Executive Summary for January 12th

We review the latest issues related to refugees, including thousands fleeing a crackdown on Anglophone Cameroon, Japan’s grant to Myanmar for Rohingya repatriations and Canada’s effort to dissuade Salvadorans in the U.S. from crossing the border.

Published on Jan. 12, 2018 Read time Approx. 2 minutes

Thousands of Cameroonians Flee to Nigeria

More than 15,000 people have fled a military crackdown on Anglophone separatists in Cameroon in recent months. They have taken shelter in neighboring Nigeria, a country already contending with massive internal displacement.

The United Nations refugee agency (UNHCR) said it had registered more than 8,000 Cameroonians during a mission to several states of Nigeria, while Nigerian officials said 6,700 Cameroonians were sheltering in other states.

“They are still coming, and they are coming daily,” said the UNHCR representative in Nigeria, Antonio Jose Canhandula, at a briefing in Abuja. “It is a crisis.”

The Anglophone regions of Cameroon erupted in protest in 2016, calling for greater rights from the Francophone government. Last October, separatists declared an independent state, prompting a military clampdown, rebel attacks and the flight of refugees from the area.

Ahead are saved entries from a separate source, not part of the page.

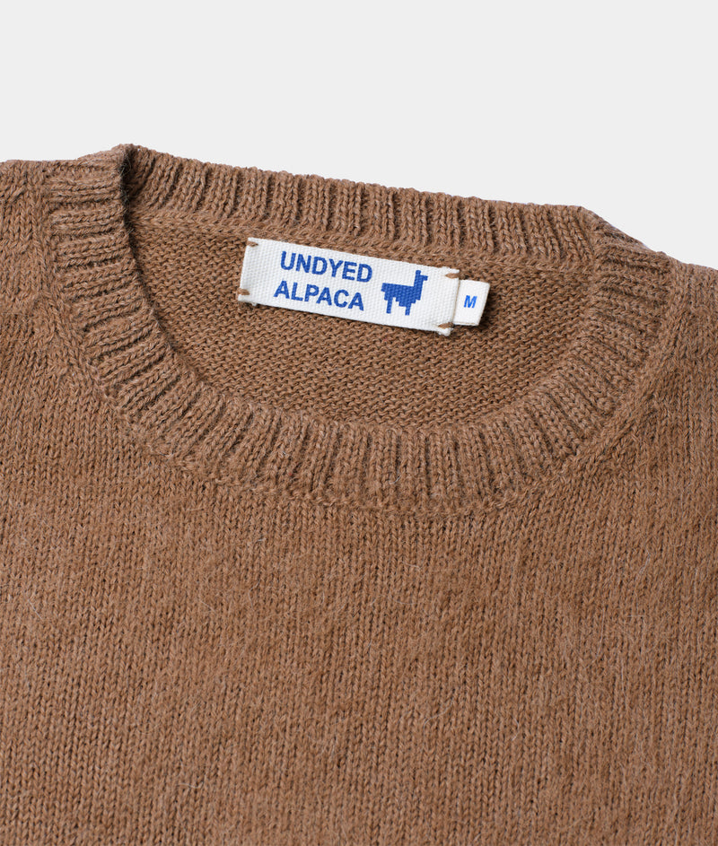 A brown alpaca fiber crewneck sweater hanging on a hanger against a white background.
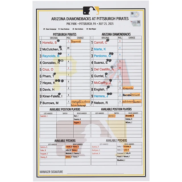 Carte de composition des équipes des Pirates de Pittsburgh lors du match contre les Diamondbacks de l'Arizona, le 25 juillet 2025
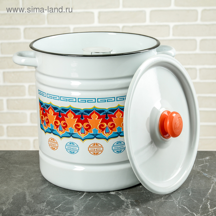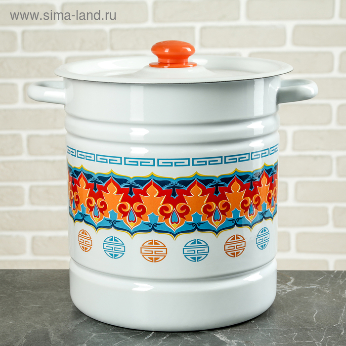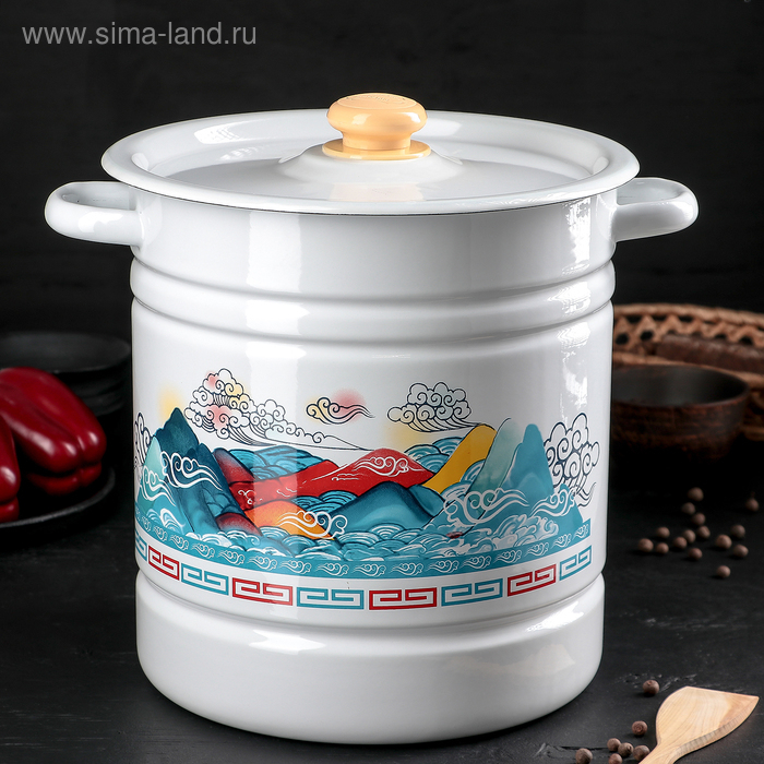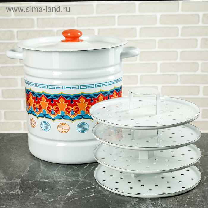 Позница-мантоварка эмалированная, 12 л, 4 вставки, цвет белый, деколь МИКС
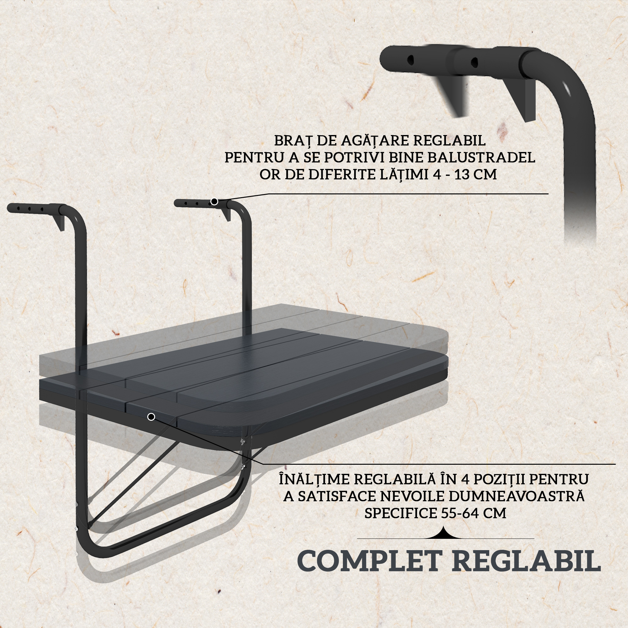 Relaxeaza-te pe balcon si bucura-te de o bautura cu aceasta masa de bar pentru balcon de la [BRAND NAME]! Aceasta masa este solutia ideala pentru cei care dispun de un spatiu exterior limitat. Fabricata dintr-un cadru din aluminiu si un blat din plastic cu efect de lemn, este proiectata pentru utilizare frecventa zilnica. Cu brate reglabile pentru balustrada si 4 pozitii reglabile pentru inaltimea blatului, se adapteaza usor terasei sau balconului tau. Bucura-te de privelistea de pe balconul tau!
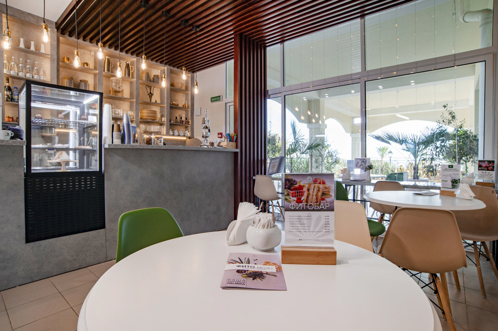 Для гостей работает бар. Попробовать новые блюда и отдохнуть можно в ресторане. Для любителей кофе и перекусов открыто кафе. Гости могут выбирать между полным пансионом и полупансионом.
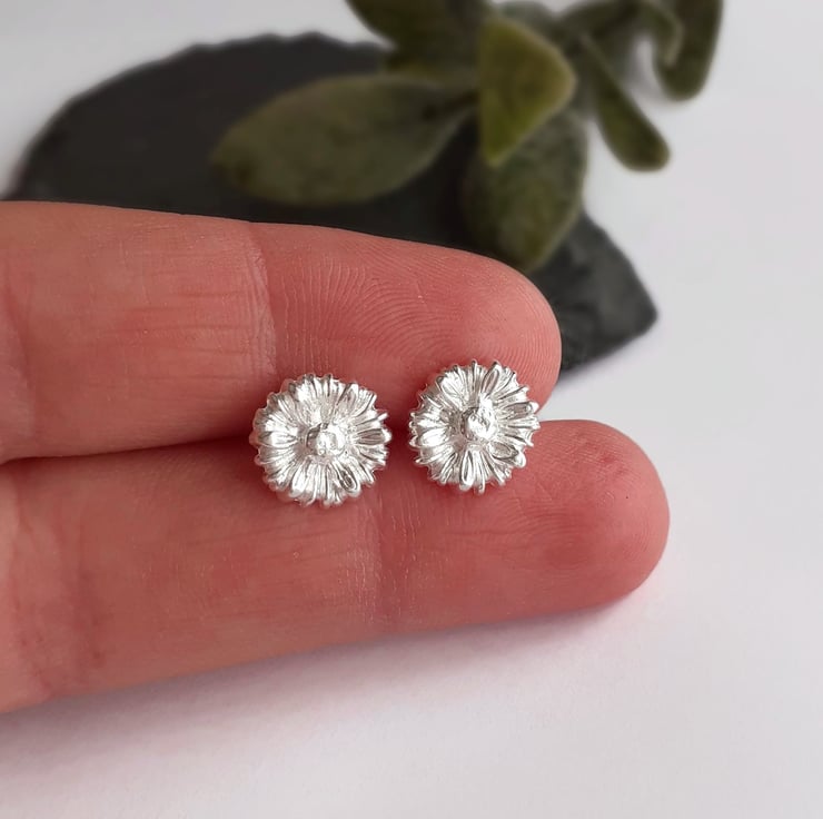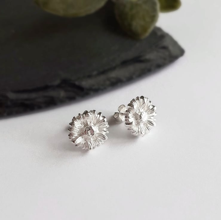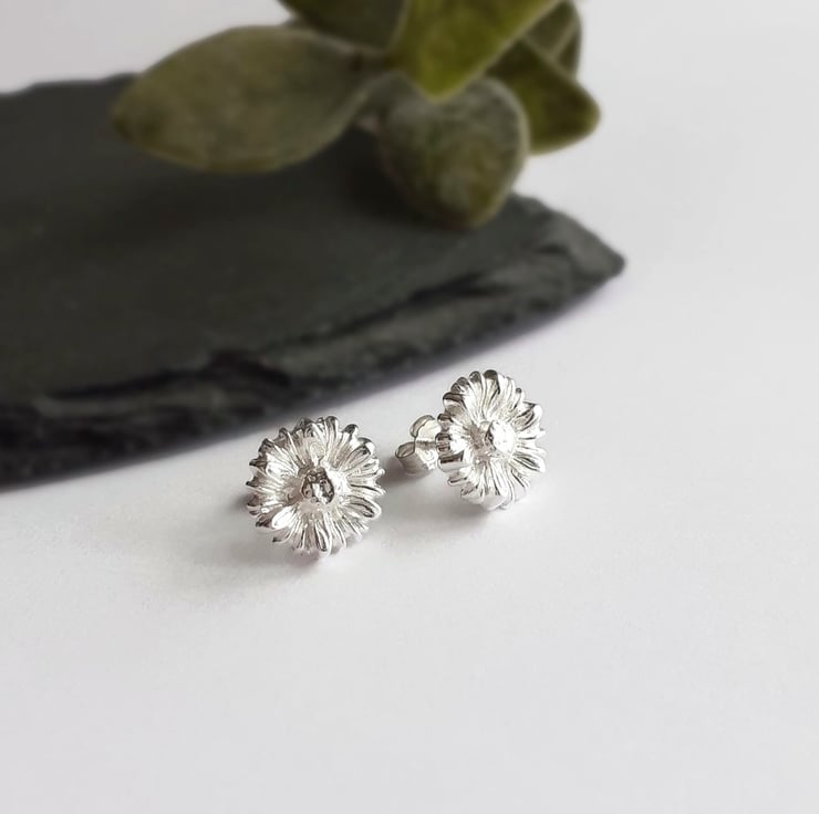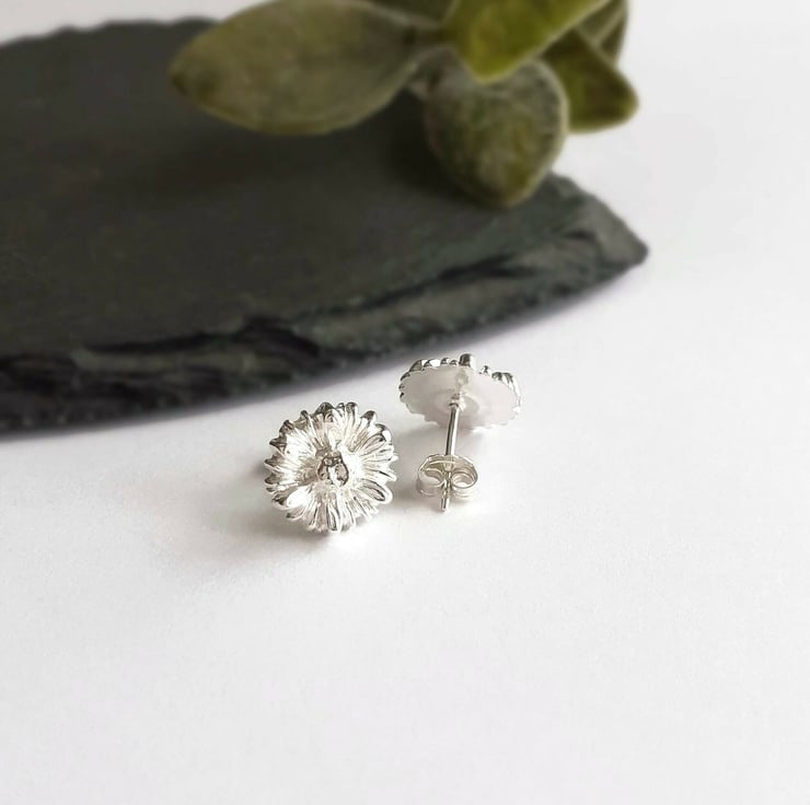 The flower stud earrings are then barrel polished in a tumbler to a high shine. The earrings fasten with sterling silver butterfly backs.
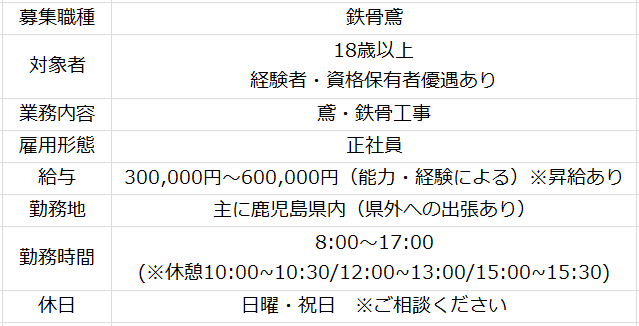 技能的なことや安全に対する知識はもちろん、ビジネスマナーや仕事の基本的なことまで丁寧に指導いたします。
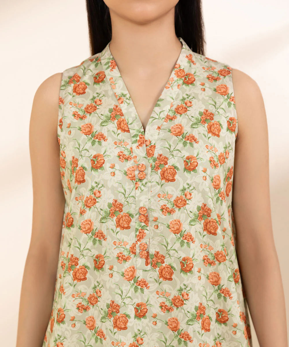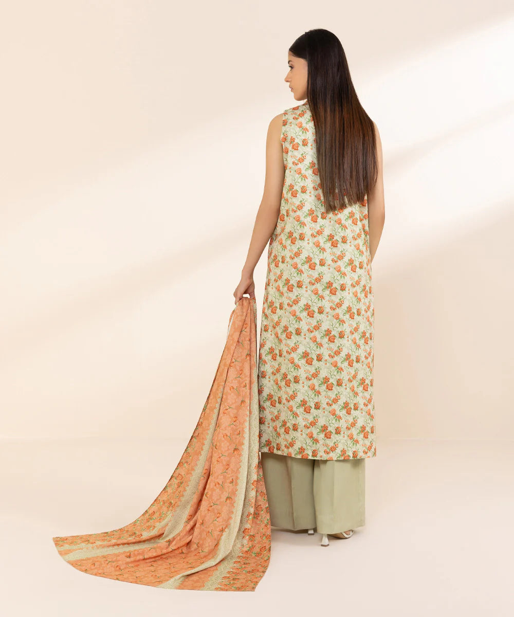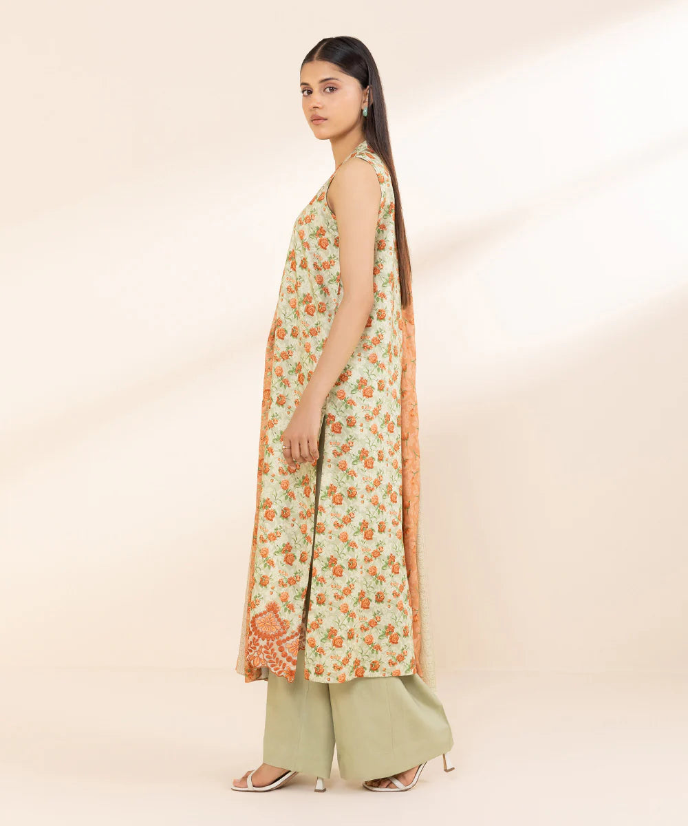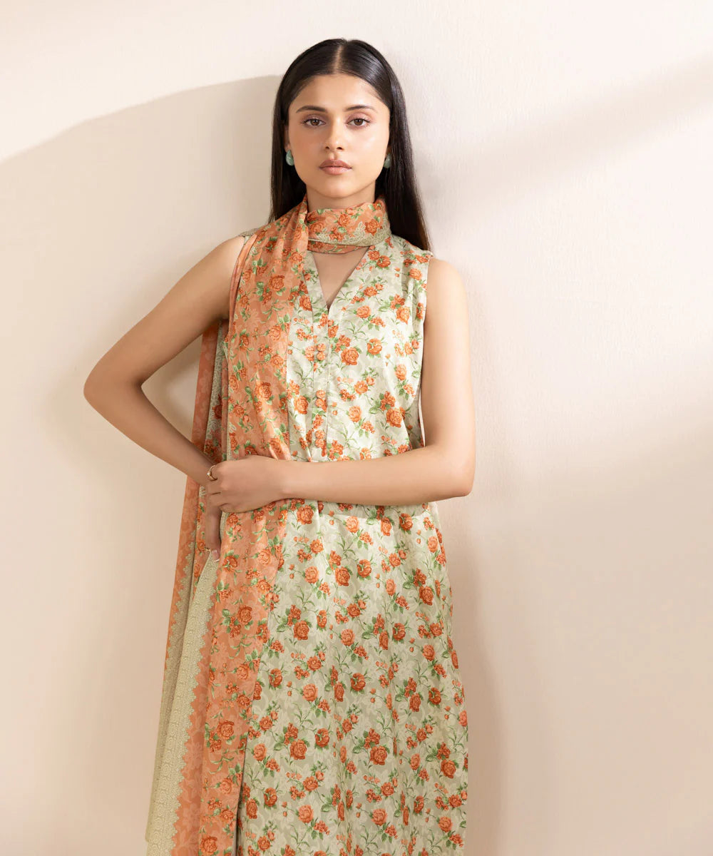 Make a standout statement with our beige and orange , three-piece embroidered linen ensemble illustrated with floral designs.
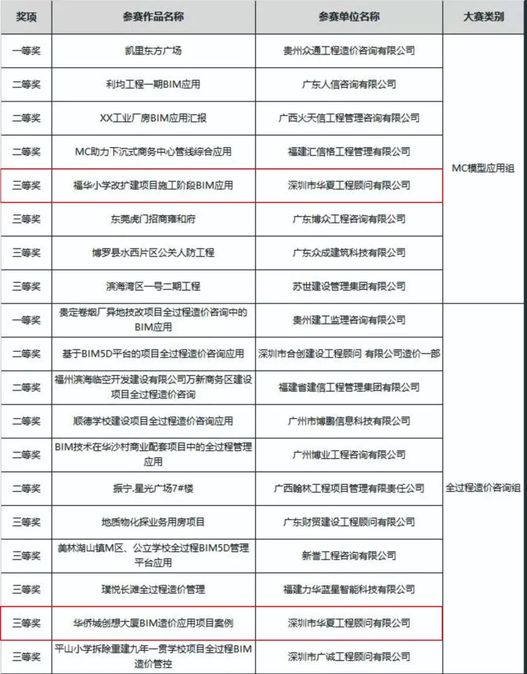 2020年8月20日,广联达科技股份有限公司主办第一届咨询企业BIM应用大赛。此次大赛,参赛单位来自全国各地,作品涵盖多种项目类型各个阶段的BIM应用。比赛评比通过入围审核、初审、答辩复审三个环节,结合项目BIM应用情况答辩得分及过程得分,经专家组共同评审,最终得出比赛成绩。我司BIM团队参赛作品“福华小学改扩建项目施工阶段BIM应用”及“华侨城创想大厦BIM造价应用项目案例”荣获“广联达首届咨询企业BIM应用大赛南部分赛区MC模型应用组、全过程造价咨询组三等奖。”华夏工程顾问BIM团队在MC模型应用组、全过程造价咨询组取得的奖项,是业内专业人士对华夏工程顾问BIM团队专业技术与能力的认可和肯定,我司将继续努力,不遗余力地实践基于BIM的建筑全生命周期的项目管理模式,通过BIM实施虚拟建造与实体结合的新型建筑项目管理方式,推动中国建筑产业转型升级。
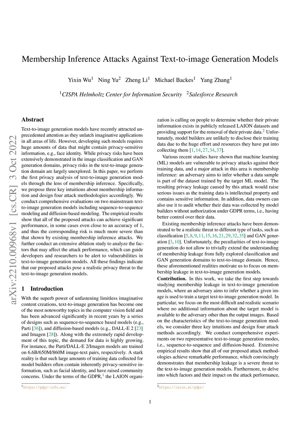 Text-to-image generation models have recently attracted unprecedented attention as they unlatch imaginative applications in all areas of life. However, developing such models requires huge amounts of data that might contain privacy-sensitive information, e.g., face identity. While privacy risks have been extensively demonstrated in the image classification and GAN generation domains, privacy risks in the text-to-image generation domain are largely unexplored. In this paper, we perform the first privacy analysis of text-to-image generation models through the lens of membership inference. Specifically, we propose three key intuitions about membership information and design four attack methodologies accordingly. We conduct comprehensive evaluations on two mainstream text-to-image generation models including sequence-to-sequence modeling and diffusion-based modeling. The empirical results show that all of the proposed attacks can achieve significant performance, in some cases even close to an accuracy of 1, and thus the corresponding risk is much more severe than that shown by existing membership inference attacks. We further conduct an extensive ablation study to analyze the factors that may affect the attack performance, which can guide developers and researchers to be alert to vulnerabilities in text-to-image generation models. All these findings indicate that our proposed attacks pose a realistic privacy threat to the text-to-image generation models.
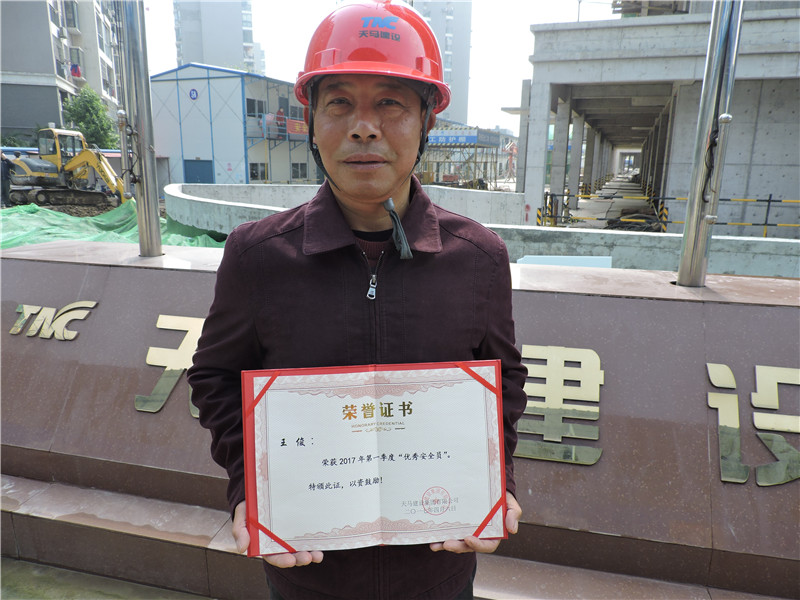 天馬建設(shè)集團(tuán)2017年第一季度安全生產(chǎn)優(yōu)秀安全員:江騰廣場(chǎng)項(xiàng)目安全員——王金波
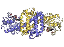 IREDs are dimeric enzymes with each protomer having an N-terminal Rossmann nucleotide-binding domain and a C-terminal dimerization domain joined by a long interdomain α-helix.[3][11] Each protomer's α-helical dimerization domain wraps around the interdomain helix of its dimer partner forming the substrate-binding cleft above the NAD(P)H cofactor binding site in the Rossmann domain. 3-Hydroxybutyrate dehydrogenases have similar N-terminal nucleotide-binding and C-terminal dimerization domains, but do not share the extensive dimerization interface of IREDs.[12]
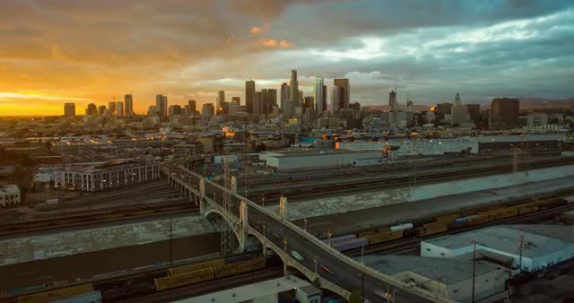 > Hyperlapse aerial of downtown Los Angeles at dusk
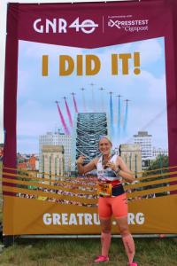 Probably started a little bit too quickly but couldn’t help it, hearing local hero puts such a string in my step. My target time was 1:45 and thanks to some advice from Carl at the Pasta Party at the Lakeside on the Saturday night he told me not to count miles and aim for 25 minute 5ks across the whole race. That’s what I went for and was spot on 5k, 10k and 15k even up to 10 miles. Then the wheels absolutely fell off after going up that massive hill back from Gateshead and it just killed my legs! I actually nearly cried as though I was going to have to stop. I kept pushing though and in all honesty I don’t remember much about the last three miles, especially the last two. I must have been looking at the ground as don’t remember running towards the monument. Over the years I have become a strong finisher and really pushing for the final mile. I didn’t have that in me and even when I hit 800m on the finish stretch I had nothing to push with.
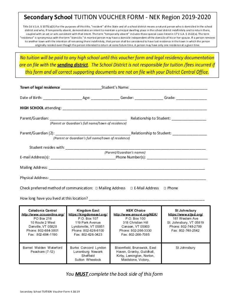 Secondary School TUITION VOUCHER FORM NEW Region 20192020 Title 16 V.S.A. 1075(a)(3) For the purposes of this title, “resident of the State and of a school district means a natural person who is
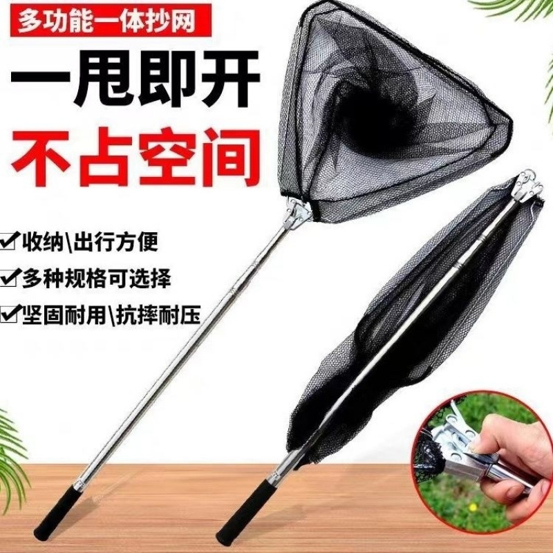 ステンレス折りたたみ釣り伸縮棒網兜フルセット釣り網黒坑釣り用品装備クロスボーダー
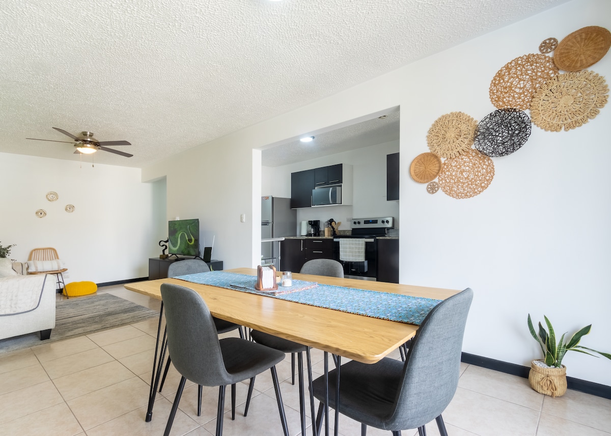Welcome! Enjoy your stay at this cozy 2-bedroom apartment, only a 5min drive away from SJO Airport. The perfect short-stay spot before your adventure or before getting back home. For your comfort, the apartment has: - High speed internet - Air conditioning - 1 Free parking spot - Fully equipped kitchen Enjoy our premises with: - Shared gym, swimming pool and club house - Playground - 24/7 security Only 2 minutes away from the City Mall Alajuela and Walmart.

Japan Gives $3 Million to Myanmar for Rohingya Returns

Japan announced a $3 million grant to Myanmar’s government to help repatriate Rohingya refugees, at the same time urging safe and voluntary returns and pledging to monitor the process.

Since late August about 650,000 people from the persecuted Rohingya minority have fled to Bangladesh to escape a brutal crackdown in Myanmar. The two countries agreed in November to facilitate the return of refugees but the timing, feasibility and safety remain unclear.

“We have decided to provide the aid in response to the agreement between Myanmar and Bangladesh to represent an international message of support so that the repatriation can be carried out promptly,” Japanese foreign ministry official Shinobu Yamaguchi said. “The money will be paid in a timely manner based on the progress of repatriation.”

The Japanese government will also provide a $20 million grant to Myanmar to improve humanitarian conditions and development in Rakhine state, where most aid agencies cannot reach and many Rohingya who did not flee languish in segregated camps.

Canada Tries to Dissuade Salvadorans From Crossing U.S. Border

Canada is seeking to dissuade Salvadorans in the United States from crossing its border to claim asylum, after the Trump administration announced their temporary protected status would end in 2019. The program, enabling them to live and work legally in the U.S., started in 2001 after a huge earthquake hit El Salvador.

Canadian Member of Parliament Pablo Rodriguez will visit California to brief officials and migrant organizations on his country’s immigration and asylum system. Canadian officials visited several migrant communities in the U.S. last year following a surge in unofficial border crossings in response to Donald Trump’s immigration clampdown.

As some 18,000 people crossed the U.S. border last year, the Canadian government sought to dispel myths about the ease of gaining asylum in the country.

Now some 200,000 Salvadorans in the U.S. face a deadline to leave and many are reluctant to return to their violence-wracked country. Many of them may have grounds to claim asylum in Canada, Toronto-based refugee lawyer Raoul Boulakia told Reuters.

The number of Salvadoran asylum seekers in Canada more than doubled last year, and about two-thirds received refugee status, according to official statistics.